- Janice E. Rench, from a 1981 newspaper
- Born: Janice Elizabeth Bingham December 13, 1939 Brockton, Massachusetts, U.S.
- Died: April 12, 2016 (aged 76) Framingham, Massachusetts, U.S.
- Other names: Janice Kohler
- Occupation(s): Social worker, writer, lecturer

= Janice E. Rench =

American social worker

Janice Elizabeth Bingham Rench (December 13, 1939 – April 12, 2016) was an American social worker, lecturer, and writer. She was a victim's advocate in Cleveland and in the Boston area, usually working with survivors of sexual assault or domestic violence.

==Early life and education==
Rench was born in Brockton, Massachusetts, the daughter of Clyde Anderson Bingham and Elizabeth M. Prentis Bingham. She graduated from Brockton High School.

==Career==
Rench was a licensed social worker, and director of the Cleveland Rape Crisis Center. She later worked in domestic abuse counseling in Massachusetts. She wrote several books for teen readers, on sexuality and health issues.
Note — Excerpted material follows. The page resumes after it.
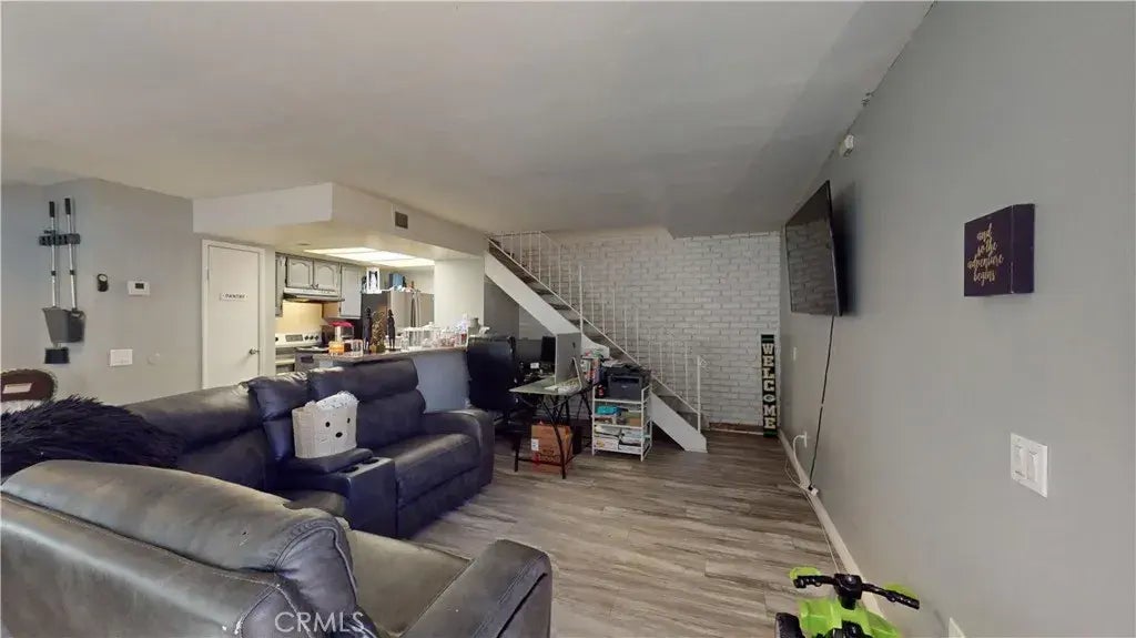 This charming 2-bedroom, 1-bath townhome-style condo in the heart of Highland offers the perfect blend of comfort and convenience. Spread across two stories, this home provides an ideal living space for those seeking both style and functionality. The attached garage offers not only secure parking but also additional storage, a rare find in the area. As you step inside, you'll be greeted by a recently remodeled interior that exudes modern elegance. The open living and dining area is adorned with sleek laminate wood flooring, which flows seamlessly throughout the home, creating a warm and inviting atmosphere. Fresh, neutral paint colors enhance the natural light, making the space feel bright and airy. The kitchen, though compact, is thoughtfully designed to maximize every inch of space. It features new countertops, modern cabinetry, and stainless steel appliances, making meal preparation a breeze. The efficient layout ensures that all your culinary needs are met without compromising on style. Whether youre whipping up a quick breakfast or hosting a dinner for friends, this kitchen is both practical and aesthetically pleasing. Upstairs, youll find two well-proportioned bedrooms, each offering ample closet space and large windows that let in plenty of sunlight. The shared bathroom has been tastefully updated with contemporary fixtures and a fresh, clean design. The condos location is truly unbeatable. Just minutes away, youll find the bustling Citrus Plaza and Mountain Grove shopping centers. Together, they offer over 520,000 square feet of retail and restaurant space, ensuring

Rench's Understanding Sexual Identity (1990) was a finalist in the nonfiction category for the American Library Association's Gay and Lesbian Book Award (later renamed the Stonewall Book Award) in 1991. The same title was controversial in several school districts and restricted from teen library patrons in some locations.

Rench was one of three victim advocates who developed the original version of the Ohio Protocol for Sexual Assault Forensic and Medical Examination, in 1991. She served on an advisory panel of the National Crime Prevention Council. She gave an oral history interview in 2003 about the early years of the victim advocacy movement, and of rape crisis centers in the United States.

==Publications==
- Feeling safe, feeling strong: How to avoid sexual abuse and what to do if it happens to you (1984, with Susan N. Terkel)
- Teen Sexuality Decisions and Choices (1989)
- Understanding Sexual Identity: A Book for Gay Teens and Their Friends (1990)
- Family Violence: How to Recognize and Survive It (1992)
- The Roller Coaster Ride: Bipolar Disorder (2010)

==Personal life==
Bingham was married twice, and had three children. She died in 2016, in Framingham, Massachusetts, at the age of 76.